As a beginner gardener, I made many mistakes in growing onion flowers. For example, I didn't know that they needed a lot of sun. I was surprised that the bearded irises that I planted in a shaded area hardly bloomed at all. In addition, it was too wet there and the plants were often sick. I also learned that if the tulips have smaller and smaller flowersand they put out a lot of extra young plants in the environment, it's time to replant them.Such treatment not only improves their condition, but also prevents soil depletion and the spread of diseases.

Dotransplantlooking for places where no other onion flowers have grown before. I also never plant them where strawberries, wild strawberries and tomatoes used to grow.

Repotting I repeat every 3-4 years. I dig out the bulbs when the shoots and leaves are not completely dry after flowering. For narcissus, tulips and crocuses, this is late June or early July.

I dig out garlic in late July and early August. I very gently separateonionsthat form at the heel of the mother onion. I remove the soil and remnants of dried leaves and separate the individual bulbs. Dried and cleaned, I keep in a shed in signed paper bags. They have good air circulation and the right temperature there. A neighbor once told me that onions cannot be stored together with fruit and vegetables, because it harms the shoots and flowers.And there is something to it!I plant winter trees already in August, so that they have time to bloom in the fall. Narcissi right after them.

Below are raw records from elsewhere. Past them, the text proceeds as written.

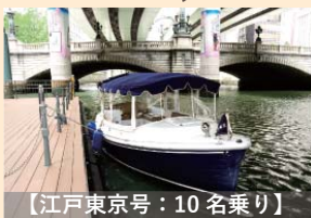
【江戸東京号：10名乗り】

環境や人に優しい静かでエコな電気ボート。歩く速さで江戸東京を再発見。歴史を感じるお散歩クルージング。チャーターも可能。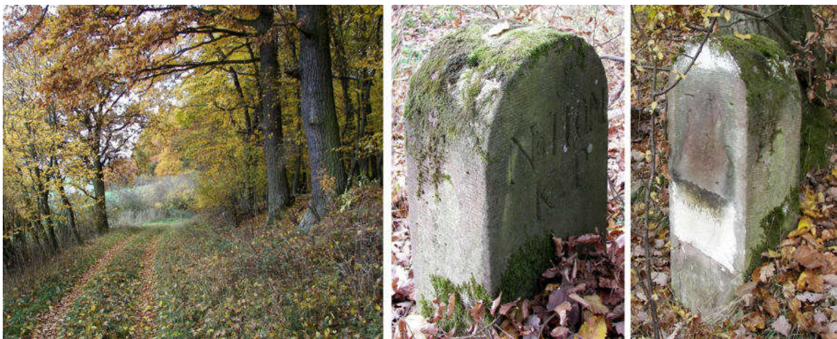
Abb. 160: Grenzstein Nr. 110M (1868) – Standort (von SO), Seitenansichten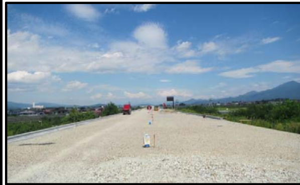
羽入地区(新庄方向)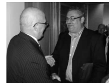
Burgemeester ontmoet burgemeester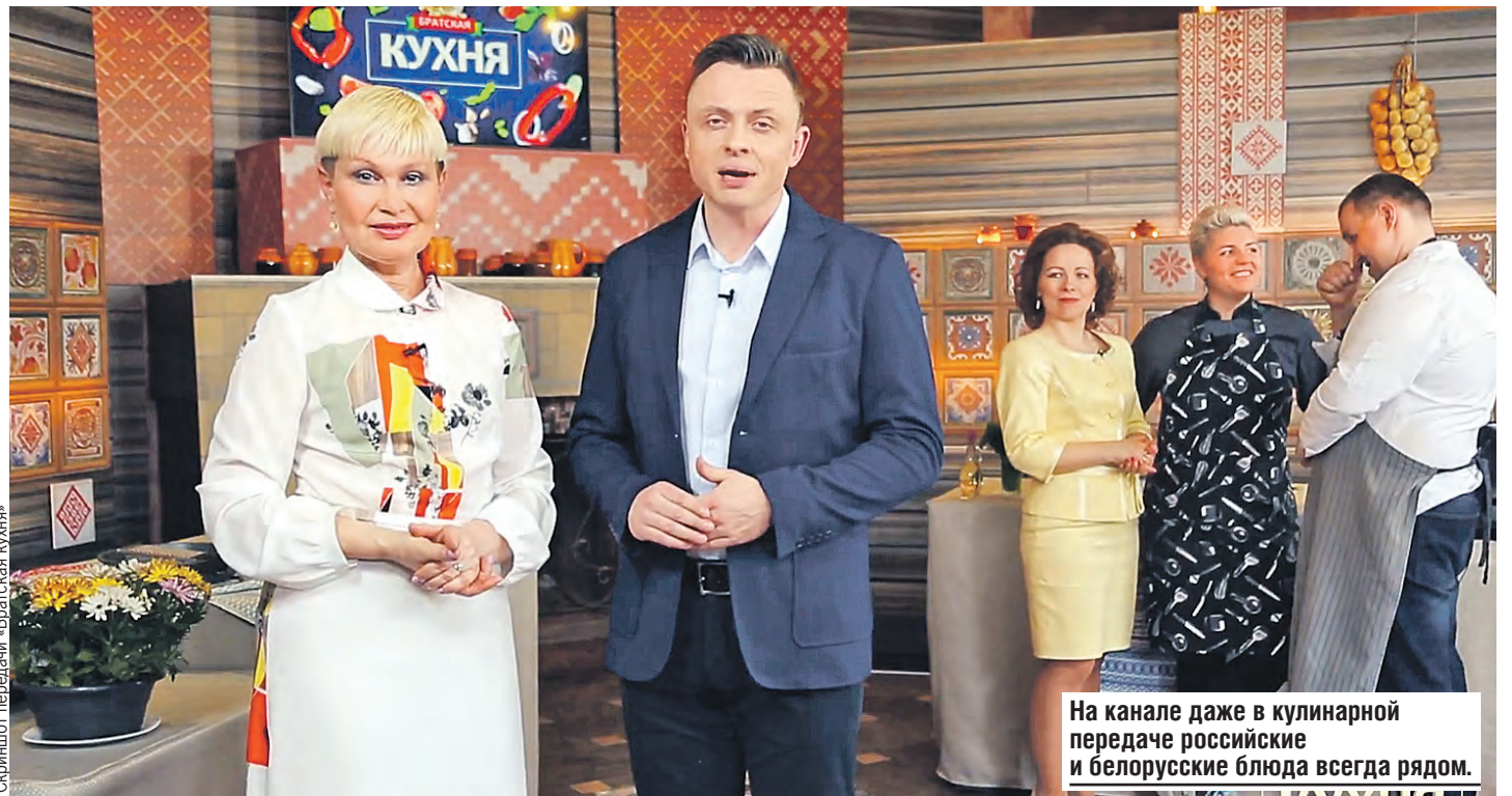
На канале даже в кулинарной передаче российские и белорусские блюда всегда рядом.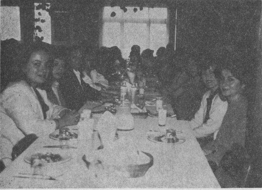
ADEKA İlaç fabrikasının ananevi öğle yemeğinden görüntüler.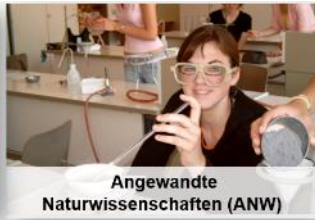
Angewandte Naturwissenschaften (ANW)

Aus diesen Fächern setzt sich der Wahlpflichtschnupperkurs der 6. Klasse zusammen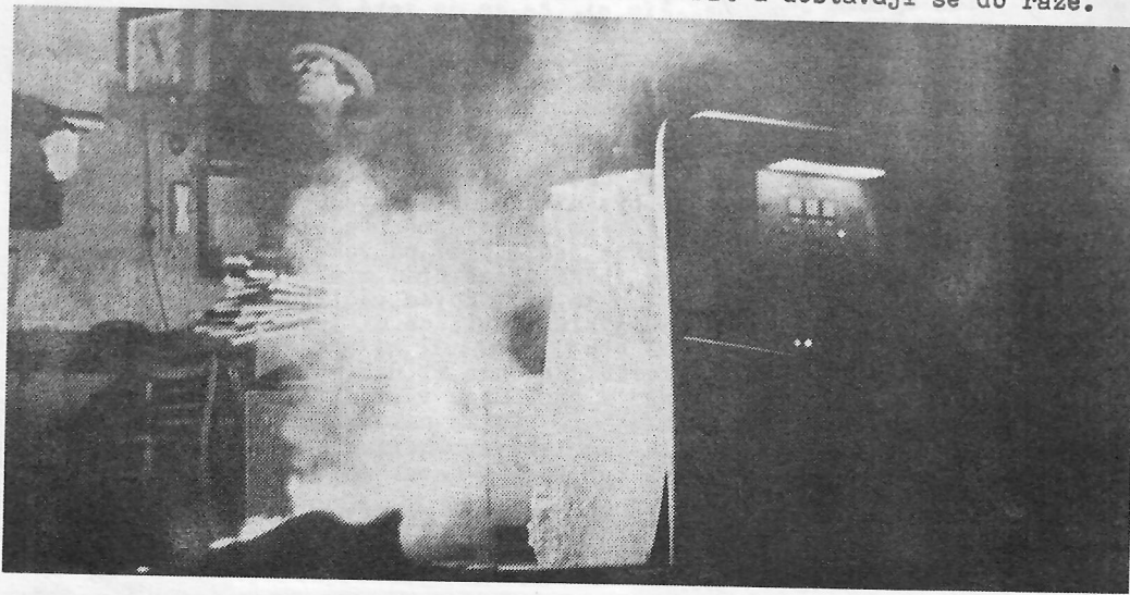
BEZ PŘETLAKOVÉ HELMY ANI RAŇU!!!

Výpary z pecí a vodního skla ve slévárenské hale tvoří téměř neproniknutelnou mlhu, v níž bloudí těžká břemena jeřábků. Takhle nějak si představuji peklo. Hlavními kameny úrazy jsou zde údajně postižená záda, vazoneurozy z vibrací a prach na plicích. Hoří v modrácích cítí možnost naplno se vyjádřit a dostávají se do ráže.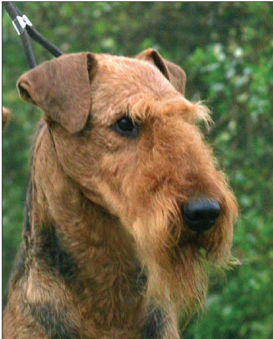
Hane med utmärkt huvud och uttryck.

En reslig hals med en stolt knyck på nacken är utomordentligt vackert på en airedaletterier, men det vill till att den också har en någorlunda väl tillbakalagd skuldra så att det inte blir en ful hjorthals. För lång hals är en sällsynthet. För mycket halsskinn är naturligtvis fult.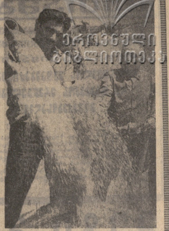
ბარდუნი მისი ბარათი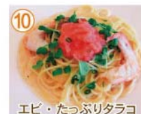
⑩ エビ・たっぷりタラコ クリームソース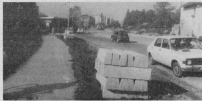
Pomankanje denarja ob obnovi Partizanske ceste je povečalo nevarnost prometa, saj niso zgradili steze za kolesarje in motorna kolesa.

Najbolj obremenjena, s tem pa tudi izpostavljena možnostim prometnih nezgod je Partizanska cesta, ki vodi od delovnega kolektiva IMPOL skozi novo naselje mesta, ki je tudi najbolj naseljeni del občinskega središča, do križišča s Titovo, to je v dolžini 2 km. Kljub temu, da so pred nedavnim Partizansko cesto renovirali ostaja za sedanji promet ozko grlo. Še posebno zato, ker pri obnovi niso upoštevali potreb kolesarjev in voznikov motornih koles po svojem pasu. Ti se morajo sedaj brez možnosti umikanja vključevati med oseb-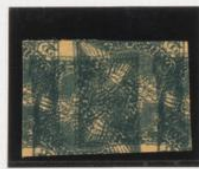
Cuadruple impresión, 2 invert.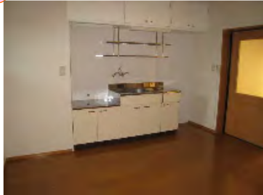
間取りは現況を優先します。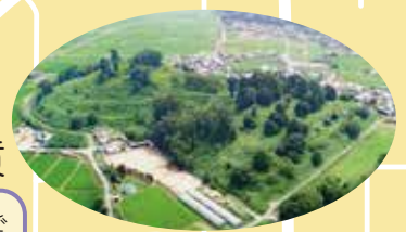
歩いて登れる古墳で全国第1位の規模！前方部頂上では石棺を間近で観察！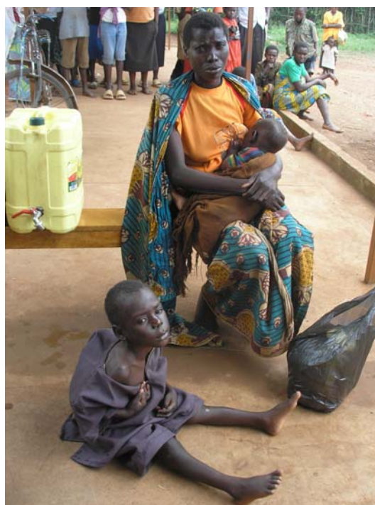
Μπουρούντι, περιμένοντας την εξέταση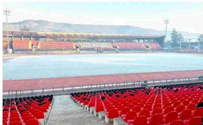
El Estadio Fiscal de Talca parecía ayer una verdadera cancha de patinaje en hielo, con su nuevo césped congelado. Se espera que no haya sufrido daños con estas inclemencias climáticas.

Desde el miércoles al viernes de esta semana, comenzará a subir progresivamente la temperatura, llegando solo a 5 grados en Constitución y 3 grados en el resto de las comunas, alcanzado máximas de solo 16 grados. AccuWeather, en tanto, registró a las 10 de la mañana, -3 grados en Longaví, -2 en Talca, -1 en Parral, Retiro y en Cauquenes, mientras que en Curicó subió a 1 grado y Linares a 3.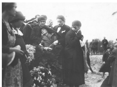
Członkowie rodziny jednej z ofiar przewrotu majowego pogrążeni w żałobie, maj 1926

Realną szansę na sforsowanie Wisły dawało jedynie przejście Trzeciego Mostu (Poniatowskiego), ale Marszałek nie chciał brać na siebie odpowiedzialności za użycie siły. Podległe mu oddziały dostały rozkaz zakazu otwierania ognia aż do chwili, gdy uczynią to żołnierze strony przeciwnej. Powściągliwość zamachowców sprawiła, że przez Trzeci Most mogła przejść Szkoła Podchorążych, wzmacniając tym samym siły rządowe, natomiast próbę jego sforsowania, podjętą przez pododdział Oficerskiej Szkoły Piechoty, powstrzymała „krótka seria w górę z ckm, ustawionego na wieżyczce mostu”. Były to pierwsze strzały, które padły 12 maja. Nie kierowano ich jednak w stronę przeciwnika. Do krwawego starcia, pierwszego podczas zamachu, doszło na Nowym Zjeździe, ogień otwarli zaś żołnierze strony rządowej.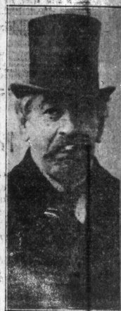
Premier Briand. — Premier francuski Briand, który wygłosił na konferencji w Waszyngtonie najlepszą mowę, wczoraj opuścił Amerykę. Premier Briand pośrednio wystąpił w obronie interesów Polski, jako przyjaciel węgry i polskij.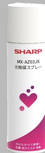
複写機トナーの 材料技術が生み出した 可視光 光触媒スプレー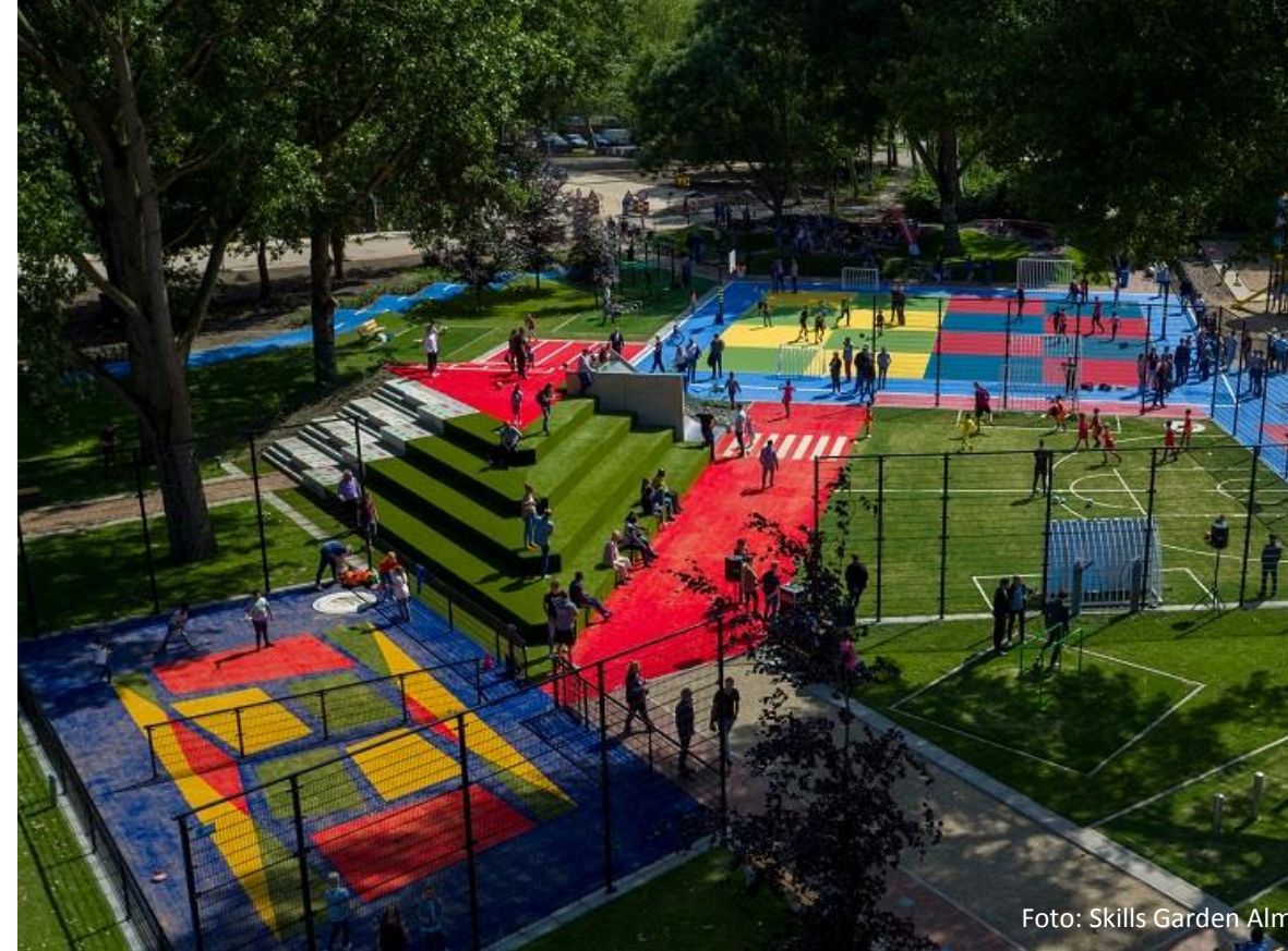
Foto: Skills Garden Alm

Sport inzetten als middel- of bijdrage voor maatschappelijke uitdagingen in de samenleving.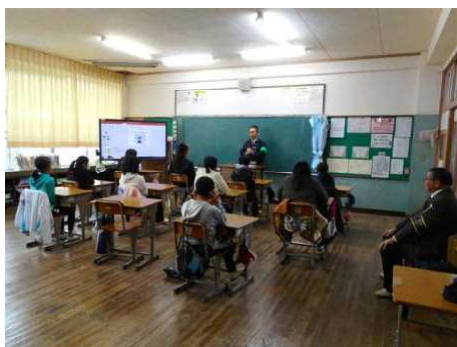
鷹島小学校での講話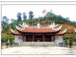
3 VUA HÙNG (s = 406m2)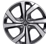
Disk VECTOR 17"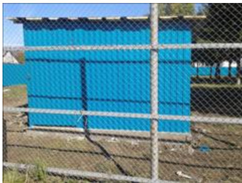
Будка Будка для скважины и хранения инвентаря и оборудования

Мероприятие: Тренировочные игры по футболу, волейболу, баскетболу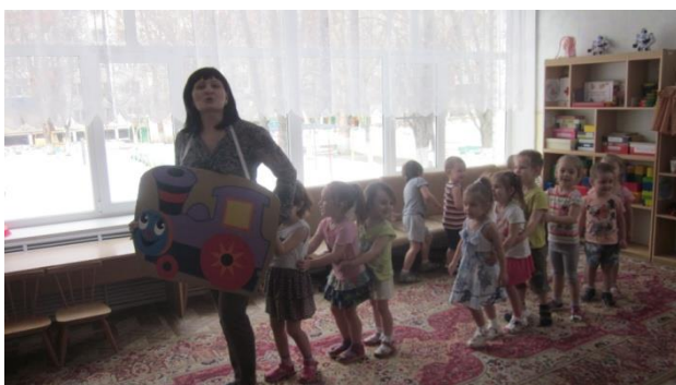
«Паровоз ребят повёз»

Ребята, на весёлом поровозике из Ромашкова, приехали на огород, отгадали загадки об овощах. Рассказали стихи, загадали загадки про лук. Но тут появляется девочка – Луковичка и говорит: «Почему же меня здесь нет в огороде?» И ребята соглашаются помочь Луковичке, сделать ей друзей и посадить на грядку. Ребята старались, увлечённо делали лучок и посадили на грядку.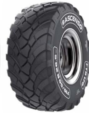
Ascenso FTR 170 560/60R x 22,5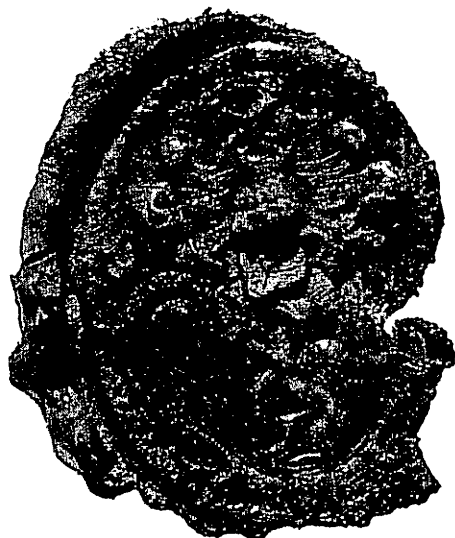
Cachet aux armes d'ALSCHEID (1692). Cire rouge. 19 x 15 mm.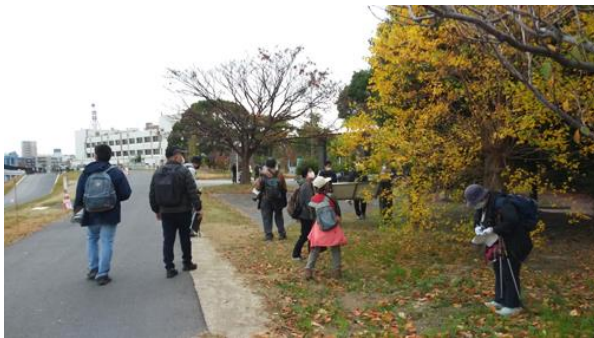
河川公園長柄地区 201122

動物…オオバン 4、ハシブトガラス 0 声、ハシボソガラス 4、ホシハジロ 4、マガモ 4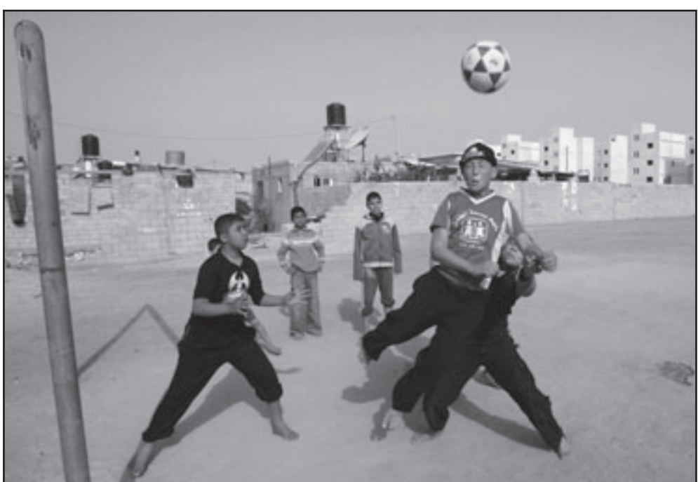
صبي فلسطينيون يلعبون بملعب ترابي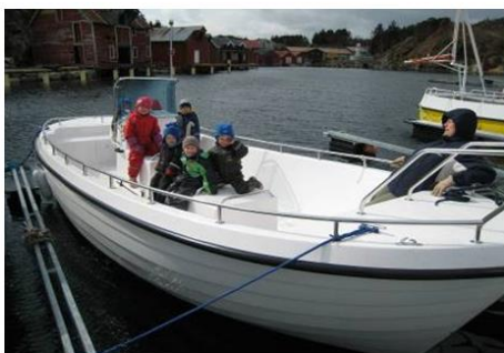
Til maritim utdanning på "Fiskerfagskulen i Austevoll"

Slik skal me fortsatt behelde posisjonen som ledande innanfor maritime næringer:

And in early October I am planting tulips, garlic and crocuses. I prepare the wells three times the height of the onion.

Bearded scythes, now growing on a sunny rockery, I also replant them every 4 years. Always in August. I only take he althy young rhizomes with one fan of leaves for reproduction. I trim the roots to about 15 cm, shorten the leaves by half, and immediately plant them shallowly in a new place.

Over the years I have worked out a method for voles: I plant onions in plastic boxes dug into the ground.